Well it was the 50s. Both sides of the cold war tried to come up with various uses of nuclear power. From civilian cars to military strategic bombers. Never mind using nukes to dig harbors...
There were some crazy conventional technologies also. One scientist, as a joke, did a calculation about the effects of adding mercury to rocket fuel. It wouldn't react with the fuel, but it would add a lot of weight which would make the thrust more efficiently move the rocket forward.
This was tested, found to be true, and thankfully never put to use in any actual rockets.
Ha! Great reference, iirc the humans put a pusher plate under a battle ship (uss missouri?), launched into orbit and pummeled the aliens. I also recall something about fighter craft and 16 inch cannons. Great read.
I recall mainly the jury-rigged pipes that a character based on one of Niven/Pournelle's friends kept working at the cost of his own heroic death. Apparently they asked him what the fate of his character should be, and he picked death.
Based on physical appearance, he surely was also the prototype for the question-asker in "What Can You Say About Chocolate-Covered Manhole Covers?" That basically obscure story was big in my life because it's one of the things that introduced me to Roger Zelazny (it referenced his Agnostic's Prayer).

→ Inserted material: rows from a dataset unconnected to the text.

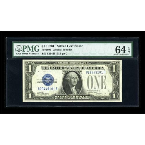 <B>Fr. 1603 $1 1928C Silver Certificate. PMG Choice Uncirculated 64 EPQ.</B></I><BR> The colors are quite fresh and the margins well balanced on this tough note from the B-B block.<BR><I>From The Warren Marshall Collection</B></I><BR><BR><b>Shipping:</b> Coins & Currency (<a target="_blank" href="http://www.heritageauctions.com/common/shipping.php">view shipping information</a>)
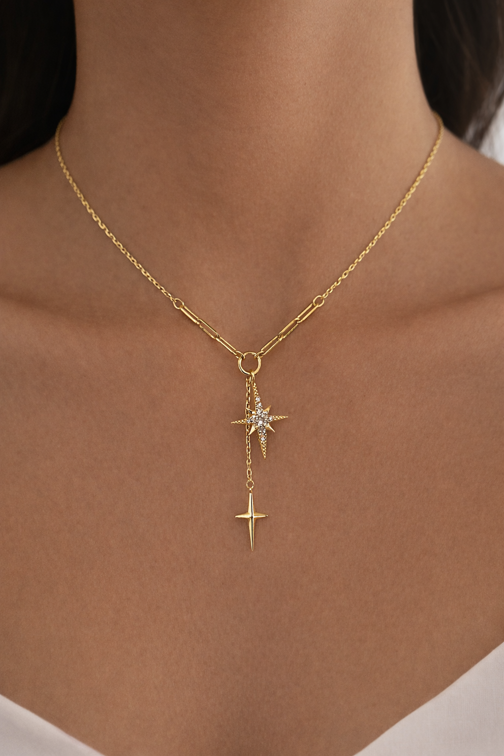 İkili Kutup Yıldızı Sallantılı Gold Kolye
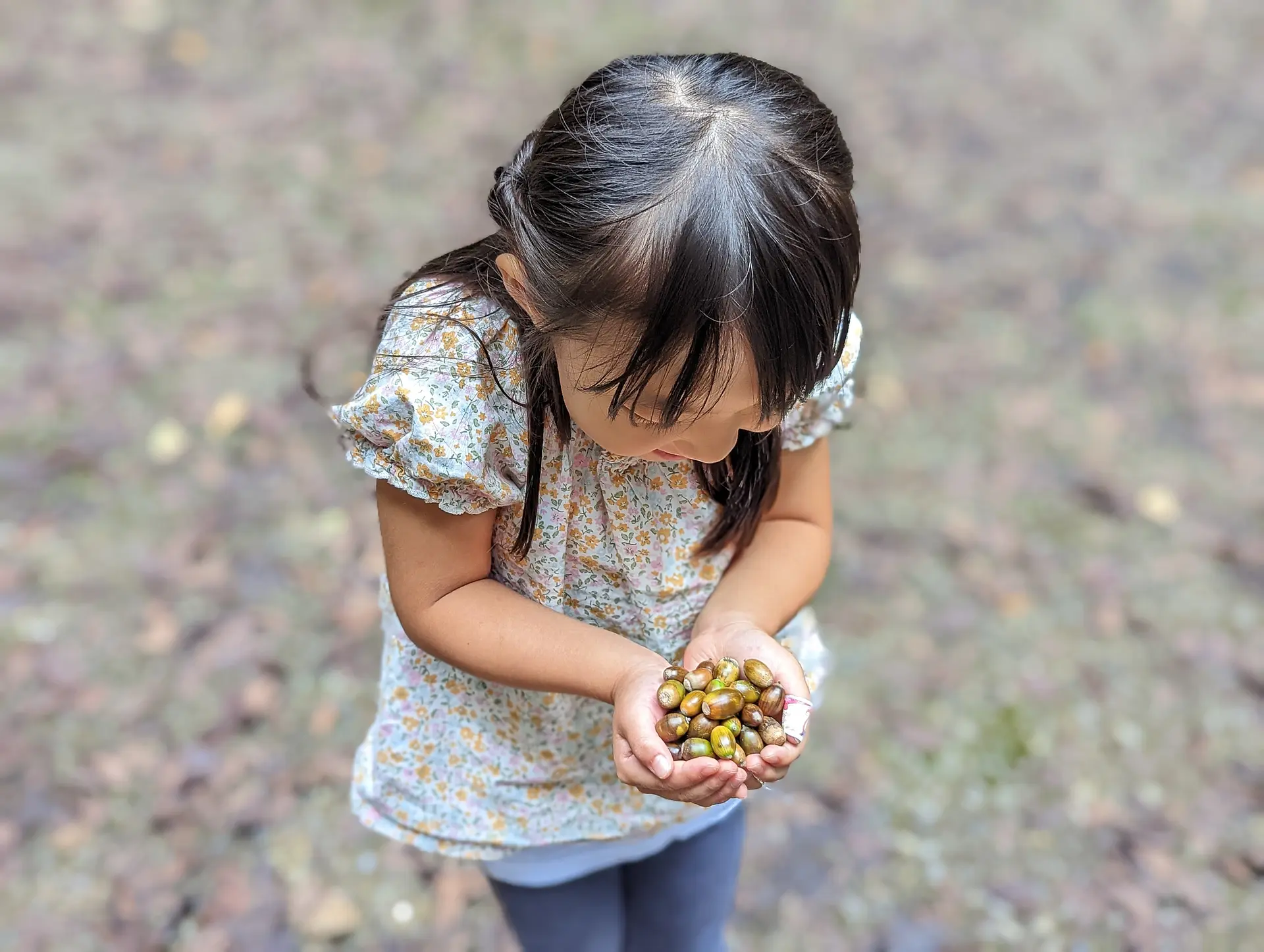 途中、娘が全然進まなくなってきたと思い、動かない娘の様子を確認しに行くと、熱心にドングリを拾い集めていました。
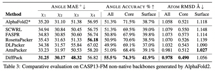 由于 AlphaFold2 等计算结构生物学技术的发展,当前人们的关注重心逐渐转移到非天然主链结构的应用上。因此研究人员将 DiffPack 进一步应用到有 AlphaFold2 生成的非天然主链结构,表 3 给出了包括 AlphaFold2 自身的侧链预测算法在内的不同算法在非天然主链结构测试集上的定量结果。DiffPack 在大多数指标上实现了最先进的水平,这说明了 DiffPack 可以进一步优化 AlphaFold2 预测的潜力。
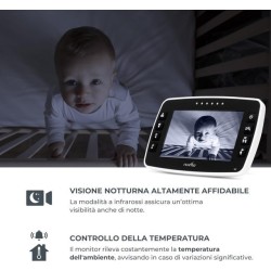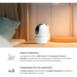 Visione Notturna a Infrarossi Monitoraggio della Temperatura Tieni d occhio il tuo bambino giorno e notte con la visione notturna a infrarossi cristallina e resta informato sui cambiamenti di temperatura ambiente con allarmi sonori per assicurare comfort e sicurezza al tuo bambino
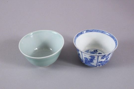TWO CHINESE PORCELAIN BOWLS, one kangxi style with panel decoration of flora, the base wwith a six character mark, the other with a celadon glaze, 8.5cm & 9cm
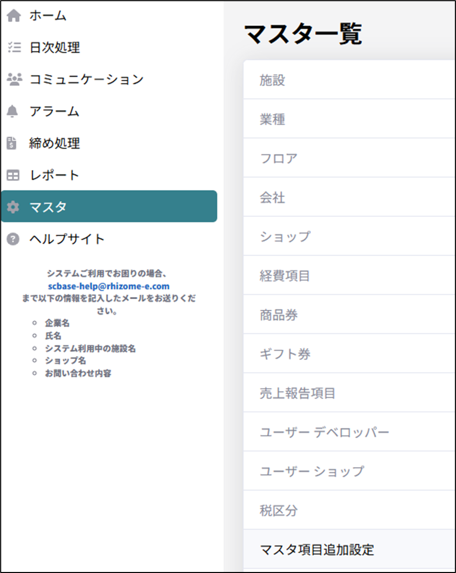 施設マスタ、ショップマスタ、経費項目マスタ、会社マスタに任意のユーザ定義項目を追加することが可能です。
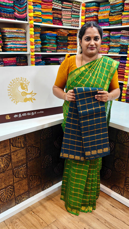 View full detailsRani Sungudi Cotton Big Zari Checks Self - PeacockBlue
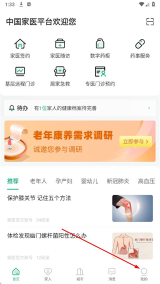 我的:維護(hù)個(gè)人信息和健康檔案,收藏文章和視頻,查看或管理家庭成員健康狀況,聯(lián)系客服等。
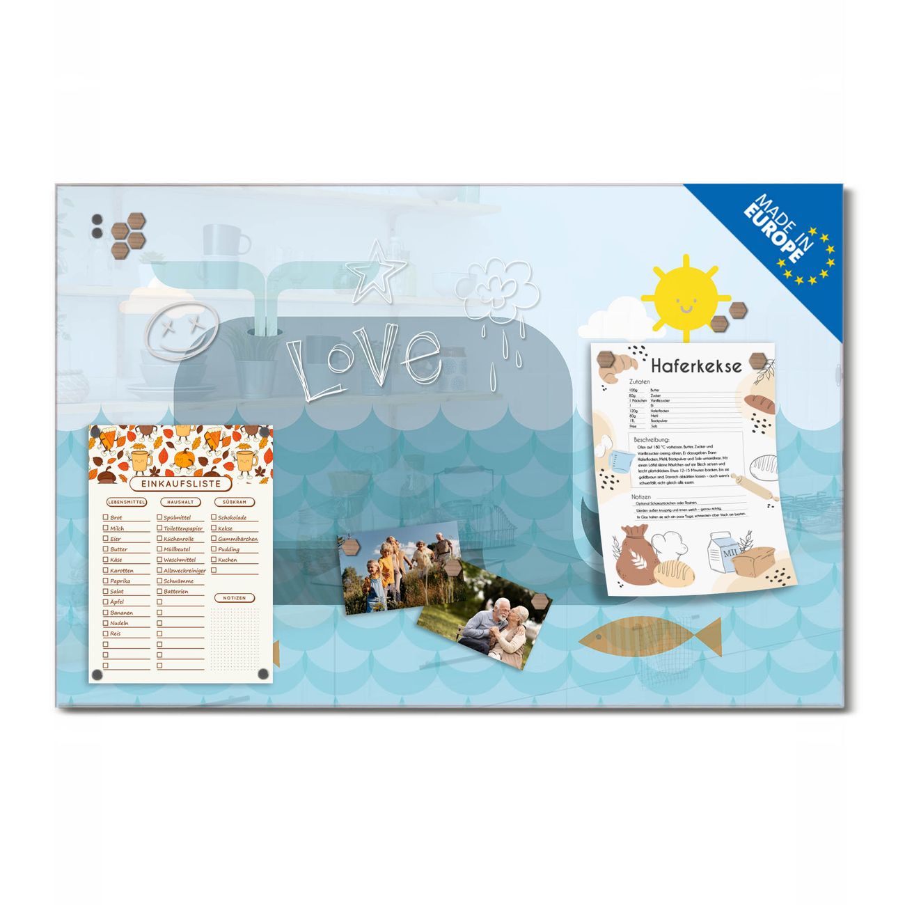 Auf der glatten Glasoberfläche lassen sich Termine, Rezepte oder Notizen ganz einfach mit Kreidestiften festhalten und rückstandslos entfernen. Starke Neodym-Magnete halten Ihre wichtigsten Erinnerungen sicher an Ort und Stelle. So entsteht Ihre ganz persönliche Ideenwand - jeden Tag neu.
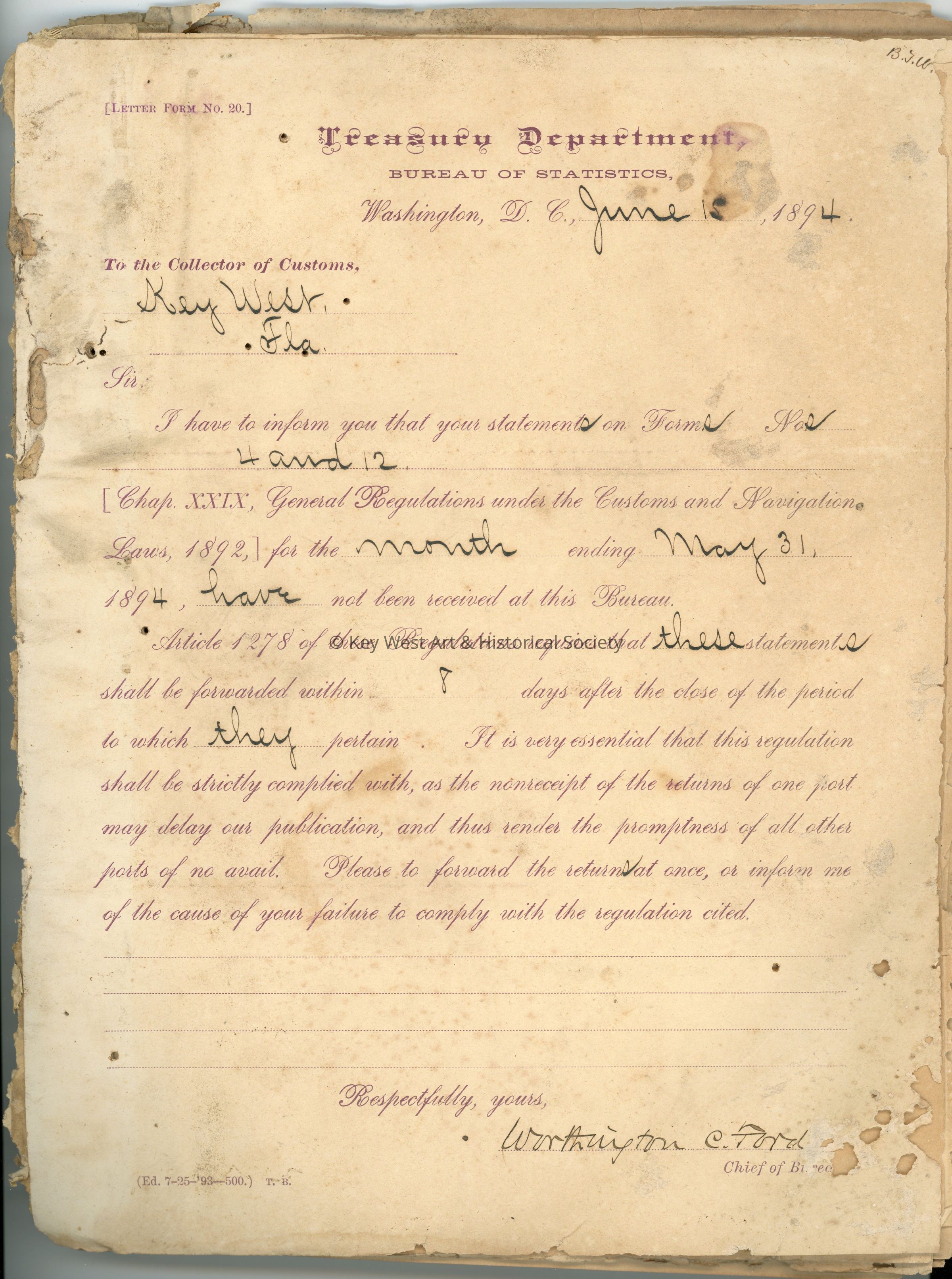 Key West Custom House LetterbookEntry/Object ID

There is a game that puts this into concept called Jetpack Joyride (made by creators of Fruit Ninja): https://appsto.re/us/TybrB.i.
My physics class actually did a lab report to find the relationship between the # of bullets and distance propelled in the air with the game. While it was nowhere near as accurate as this simulation, it was definitely interesting to see the results.

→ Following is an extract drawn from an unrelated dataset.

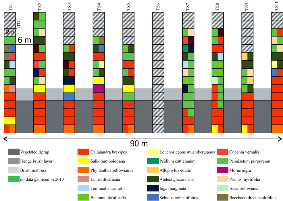 ary in 2010. The intervention was executed in the following sequence: Firstly, the vegetated riprap was realized by using Calliandra brevipes Benth. and hardwood cuttings of Salix humboldtiana Willd. Above, hedge brush layers of the species Terminalia australis Cambess. Schinus molle L., Schinus terebentifolia Raddi. and Pouteria salicifolia (Spreng.) Radlk. were installed. In the upper portion, trees of Salix humboldtiana were anchored to the slope, using wooden poles and steel wires. Even further up, in the same way, trees of Enterolobium contortisiliquum were anchored to the slope but without the expectation of sprouting. As a final measure, the top angle of the slope was corrected and seedlings and hardwood cuttings of Phyllanthus sellowianus Müll. Arg. were fielded on its middle portion. After heavy rainfalls, a second vegetative intervention was implemented to ensure the physical integrity of the margin. Its purpose was to support the vegetated riprap, the hedge brush layer and the anchored willows. Particularly as the anchored trees of Enterolobium contortisiliquum had been removed dur- ing the heavy-rainfalls, an additional action became necessary. The aim is to enhance the biodiversity on site, but also for test- ing various species in terms of their applicability for soil bioen- gineering interventions a wide range of species was used. Fig- ure 3 shows a technical sketch with all the applied soil bioen- gineering techniques and the used plants. The plant material consisted of 1550 seedlings of 32 native species.
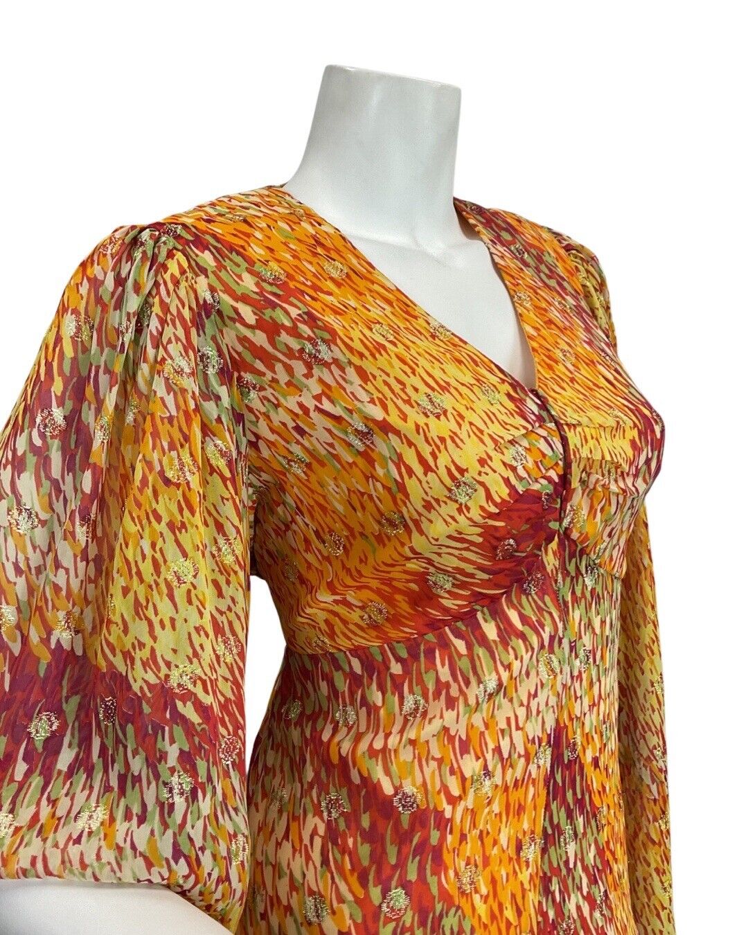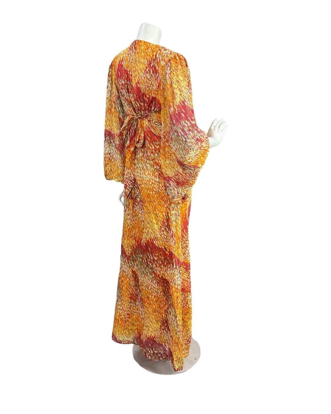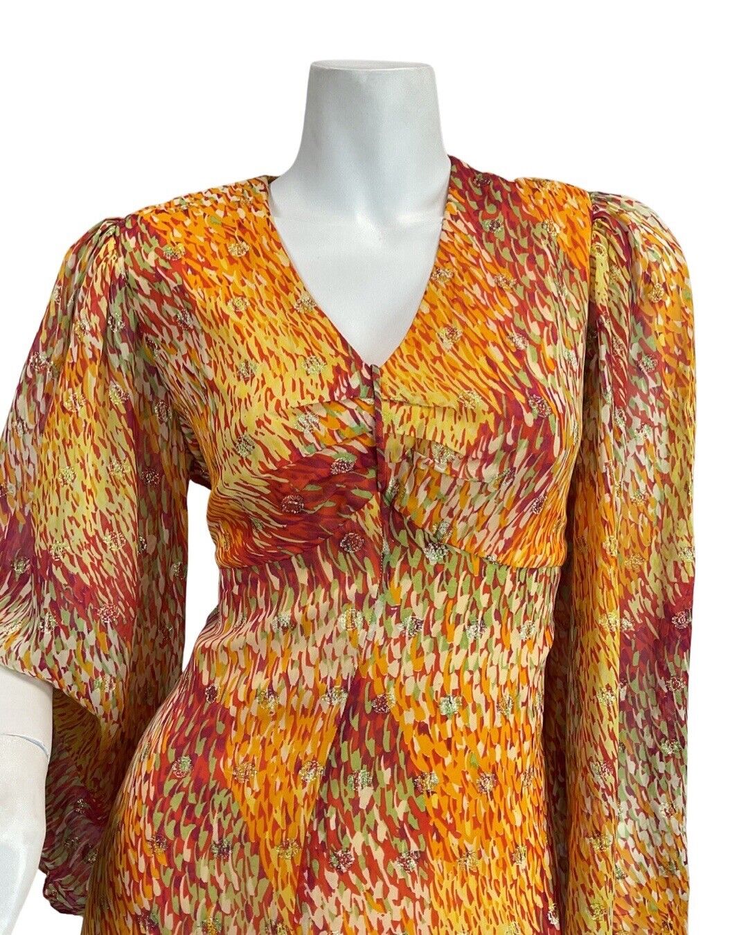 VINTAGE 60s 70s ORANGE GOLD RED PSYCHEDELIC DASH ANGEL SLEEVE MAXI DRESS 10

This analysis and the xkcd one linked below both neglect the concept of staging - which could get you higher. As a first order try you could replace the human on the bed of guns with a smaller bed of guns supporting a squirrel - now you're twice as high! Of course at that point there is nothing stopping you from reaching the moon except for your gun budget and how much unobtanium you can get for the bed connecting structure.

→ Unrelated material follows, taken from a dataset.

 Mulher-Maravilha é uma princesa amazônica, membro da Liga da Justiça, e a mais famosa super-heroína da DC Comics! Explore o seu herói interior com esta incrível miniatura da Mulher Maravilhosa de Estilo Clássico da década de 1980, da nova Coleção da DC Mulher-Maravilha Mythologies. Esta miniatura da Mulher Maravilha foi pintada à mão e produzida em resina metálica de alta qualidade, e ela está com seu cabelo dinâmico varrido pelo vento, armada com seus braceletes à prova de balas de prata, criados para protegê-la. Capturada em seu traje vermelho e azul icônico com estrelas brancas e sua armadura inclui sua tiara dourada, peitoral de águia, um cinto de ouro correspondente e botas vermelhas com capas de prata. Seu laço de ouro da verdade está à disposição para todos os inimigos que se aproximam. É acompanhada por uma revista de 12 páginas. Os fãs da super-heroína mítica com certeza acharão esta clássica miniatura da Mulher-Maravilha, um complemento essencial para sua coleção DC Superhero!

The ammunition mass is a more effective way of increasing your stored energy than extra rifles, so it is at least addressed implicitly in the section that examines the ammo to carry (1 gun with 2 bullets obviously beats 2 guns with single bullets, I guess more complicated situations would follow).
You always want to fly with the minimum number of guns necessary to provide your desired thrust and then as much ammo in addition to that.
"The average recoil force of the GAU-8/A is 10,000 pounds-force (45 kN), which is slightly more than the output of one of the A-10's two TF34 engines (9,065 lbf / 40.3 kN each). While this recoil force is significant, in practice a cannon fire burst only slows the aircraft a few miles per hour in level flight"
> The airframe vibration led to fatigue cracks in fuel tanks, numerous radio and avionics failures, the necessity of using runways with floodlights for night flights (as the landing lights would often be destroyed), tearing or jamming of the forward landing gear doors (leading to at least three crash landings), cracking of the reflector gunsight, an accidental jettisoning of the cockpit canopy and at least one case of the instrument panel falling off in flight.
It also used to produce so much oxygen-free gas that the engines would flame-out. The engines were modified to deal with it. Its in the same wikipedia article.
I was thinking of a sort of violent version of _Up_, in which Carl launches his house by shooting an assortment of machine guns attached to the bottom his house to propel it upwards instead of using balloons.
So it's rather amusing to me that things are coming full circle, and that Worlfram's guys are now using Munroe's topic to demonstrate SystemModeler, another Wolfram product.